Mixed linear and non-linear disposition of lazabemide, a reversible and selective inhibitor of monoamine oxidase B.

作者信息

Guentert T W, Holford N H, Pfefen J P, Dingemanse J

机构信息

Department of Clinical Pharmacology, F. Hoffmann-La Roche Ltd, Basel, Switzerland.

出版信息

Br J Clin Pharmacol. 1994 Jun;37(6):545-51. doi: 10.1111/j.1365-2125.1994.tb04302.x.

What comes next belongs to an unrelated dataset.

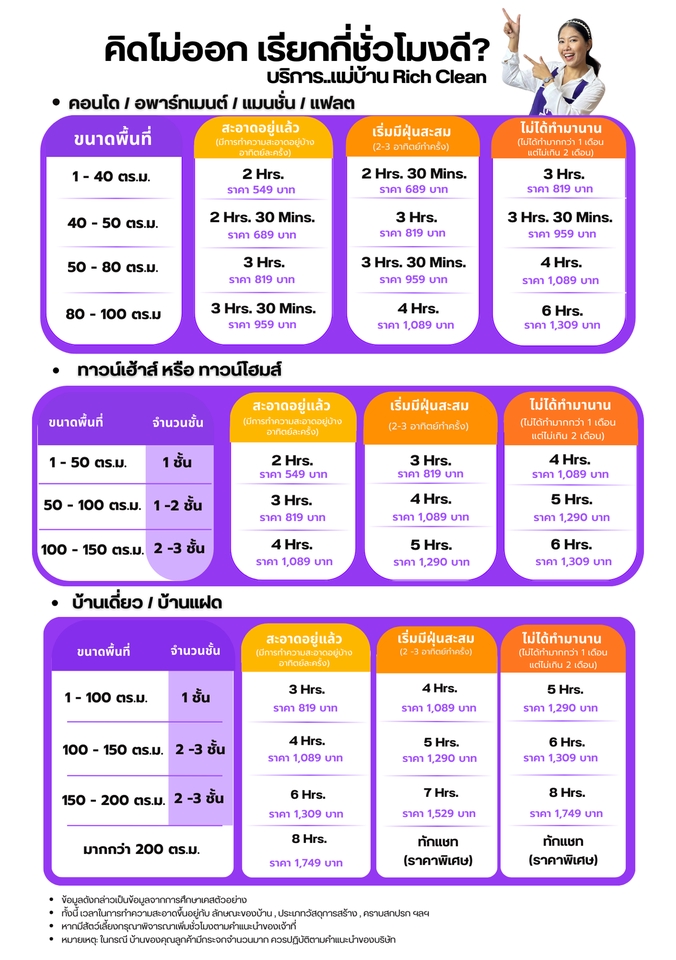 บริการของเรามีอะไรบ้าง? -ห้องนั่งเล่น พื้นที่ใช้สอยทั่วไป ทำความสะอาดทุกจุดที่มีฝุ่น ทำความสะอาดพื้นห้อง เช็คทำความสะอาดอุปกรณ์เครื่องใช้และจัดของให้เป็นระเบียบหรือตามคำสั่ง -ห้องนอน ทำความสะอาดฝุ่นอันไม่พึงประสงค์ จัดที่นอน ทำความสะอาดพื้น และ จัดของต่างๆให้เป็นระเบียบหรือตามคำสั่งของเจ้าของบ้าน -ห้องน้ำ ทำความสะอาดห้องน้ำ สุขภัณฑ์ เครื่องใช้ต่างๆ ในห้องน้ำ เช็ดกระจก ล้างพื้นและผนังห้องน้ำ -ห้องครัว เช็คคราบสกปรกที่เกิดขึ้นกับอุปกรณ์เครื่องใช้ในครัวเรือน ล้างจาน จัดอุปกรณ์ต่างๆให้เป็นระเบียบ ทำความสะอาดพื้นและคราบไม่พึงประสงค์ *มีการเก็บขยะในทุกๆพื้นที่ของบ้านและทิ้งในพื้นที่ๆได้รับมอบหมาย* *ราคานี้รวม* -ค่าเดินทางของผู้เชี่ยวชาญด้านความสะอาด -อุปกรณ์ทำความสะอาด -น้ำยาทำความสะอาดต่างๆ -ประกันค่าความเสียหายสูงสุด 5,000 บาท *หมายเหตุ* -บริการของ Rich Clean ไม่รวมถึงกิจกรรมอื่นๆที่ไม่เกี่ยวข้องกับการทำความสะอาด -การทำความสะอาดทั่วไปไม่ใช่การทำความสะอาดแบบ Big Cleaning -ไม่เป็นพื้นที่ๆไม่มีการทำความสะอาดมายาวนานหรือมีคราบฝังลึก -ไม่รวมการทำความสะอาดตู้เย็นและพัดลม (หากต้องการบริการนี้สามารถสอบถามเพิ่มเติม โดยอาจจะมีค่าบริการเพิ่มเติม) -ไม่ครอบคลุมการทำความสะอาดในที่สูงเกินกว่า 2.45 ม. -ไม่รวมถึงการรีดผ้าและซักผ้า วิธีการจอง 1.ทัก/แจ้ง/บอก/เช็ค/จ่าย/รอรับบริการ ขั้นตอนการทำงาน 1. ยืนยันการจอง 2. ให้บริการทำความสะอาด 3. แจ้งลูกค้าเช็คหน้างานเพื่อเช็คงาน 4. ส่งรูป Before After 5. จบงาน
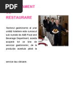 Gama de variabile Organigramele depind de: categoria restaurantului, capacitate, diversitatea de servicii oferite Numrul de lucrtori depinde de capacitate, de categoria de clasificare i de gradul de ocupare Structura compartimentelor depinde de diversitatea serviciilor oferite (salon clasic, bar, saloane de protocol, room service, catering etc. ) Ghid pentru evaluare Cunotinele necesare se refer la: -structura organizatoric specific unui restaurant -funciile compartimentelor i sectoarelor -posturile specifice activitii de producie i de servire -organigrama adecvat tipului, capacitii i categoriei de clasificare -regulile casei -reglementrile n vigoare privind protecia muncii, PSI La evaluare se urmrete: - realismul structurii organizatorice ntocmite - implementarea corect a structurii organizatorice - ntocmirea corect a Regulamentului de organizare i funcionare din organizaie: restaurant/ rotiserie/ crama / berrie/ grdin de var/ bar de noapte/ bar de zi/ cafe barcafenea/ disco-bar (discotec-videotec)/ bufet bar/ uniti tip fast-food/ cofetrie - repartizarea corect a sarcinilor pe compartimente i sectoare - planul de utilare i dotare i fluxurile tehnologice corecte - condiiile de munc asigurate lucrtorilor

DOI:10.1111/j.1365-2125.1994.tb04302.x
PMID:7917772
原文链接:https://pmc.ncbi.nlm.nih.gov/articles/PMC1364813/
Abstract
  1. Single oral doses (100-300 mg) and multiple oral doses (100-350 mg 12 hourly for 7 days) of lazabemide were administered to 35 young and 40 elderly healthy subjects. Plasma concentrations of unchanged drug were determined to study the dose-concentration relationship. 2. The elimination phase time course of lazabemide concentrations indicated concentration-dependent elimination after both single and multiple dosing. Nevertheless, maximum concentrations and areas under concentration-time curves increased almost proportionally with dose and accumulation after chronic dosing was less than a factor of 2; steady-state concentrations were achieved by the third day of dosing. The apparent half-life determining accumulation was approximately 8-9 h. 3. Drug absorption commenced rapidly after a dose; two components to the absorption process were detectable in young subjects possibly due to simultaneous administration of multiple tablets at the higher doses. 4. Observations after single and multiple dosing were described with a compartmental model allowing for parallel saturable (population mean +/- s.d.: maximum elimination rate Vmax/F: 2.8 +/- 1.4 mg h-1; concentration at half-maximum elimination Km: 36 +/- 19 micrograms l-1) and first-order (CL/F 16 +/- 3.8 l h-1) elimination pathways. No important difference between the young and the elderly subjects was noted in absorption or disposition parameters of lazabemide.
摘要
  1. 对35名年轻和40名老年健康受试者给予单次口服剂量(100 - 300毫克)和多次口服剂量(100 - 350毫克,每12小时一次,共7天)的拉扎贝胺。测定未变化药物的血浆浓度以研究剂量 - 浓度关系。2. 拉扎贝胺浓度的消除相时程表明,单次和多次给药后均存在浓度依赖性消除。然而,最大浓度和浓度 - 时间曲线下面积几乎与剂量成比例增加,慢性给药后的蓄积小于2倍;给药第三天达到稳态浓度。决定蓄积的表观半衰期约为8 - 9小时。3. 给药后药物吸收迅速开始;在年轻受试者中可检测到吸收过程的两个成分,可能是由于较高剂量时同时服用多片药物所致。4. 用一个房室模型描述单次和多次给药后的观察结果,该模型允许平行的可饱和(总体均值±标准差:最大消除速率Vmax/F:2.8±1.4毫克/小时;消除半最大浓度Km:36±19微克/升)和一级(CL/F 16±3.8升/小时)消除途径。在拉扎贝胺的吸收或处置参数方面,年轻和老年受试者之间未发现重要差异。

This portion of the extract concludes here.